Exercise goal = Locate the line that contains "I'm selling a" in the entries below, then repeat it and every following line through the line that contains "据点防守需要特别注意,这是进", exactly, and no others.

Extracted information =
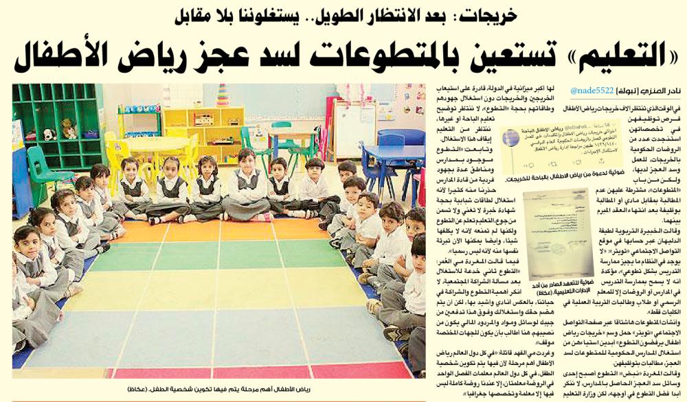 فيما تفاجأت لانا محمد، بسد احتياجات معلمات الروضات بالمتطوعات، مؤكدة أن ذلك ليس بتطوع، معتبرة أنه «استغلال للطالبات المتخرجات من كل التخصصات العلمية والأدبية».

...

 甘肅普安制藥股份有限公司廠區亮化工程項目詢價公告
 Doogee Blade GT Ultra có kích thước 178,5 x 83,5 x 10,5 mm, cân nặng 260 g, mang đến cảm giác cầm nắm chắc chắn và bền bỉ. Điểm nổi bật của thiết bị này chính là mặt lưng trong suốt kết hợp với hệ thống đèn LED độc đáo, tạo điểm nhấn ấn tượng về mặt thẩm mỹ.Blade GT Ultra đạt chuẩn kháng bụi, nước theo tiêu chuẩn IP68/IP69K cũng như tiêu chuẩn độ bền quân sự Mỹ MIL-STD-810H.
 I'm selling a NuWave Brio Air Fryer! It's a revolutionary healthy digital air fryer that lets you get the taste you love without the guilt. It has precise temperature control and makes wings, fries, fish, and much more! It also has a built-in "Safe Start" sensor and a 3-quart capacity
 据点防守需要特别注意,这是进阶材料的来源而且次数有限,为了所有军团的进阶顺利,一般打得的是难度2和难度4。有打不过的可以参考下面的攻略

Response =
 I'm selling a NuWave Brio Air Fryer! It's a revolutionary healthy digital air fryer that lets you get the taste you love without the guilt. It has precise temperature control and makes wings, fries, fish, and much more! It also has a built-in "Safe Start" sensor and a 3-quart capacity
 据点防守需要特别注意,这是进阶材料的来源而且次数有限,为了所有军团的进阶顺利,一般打得的是难度2和难度4。有打不过的可以参考下面的攻略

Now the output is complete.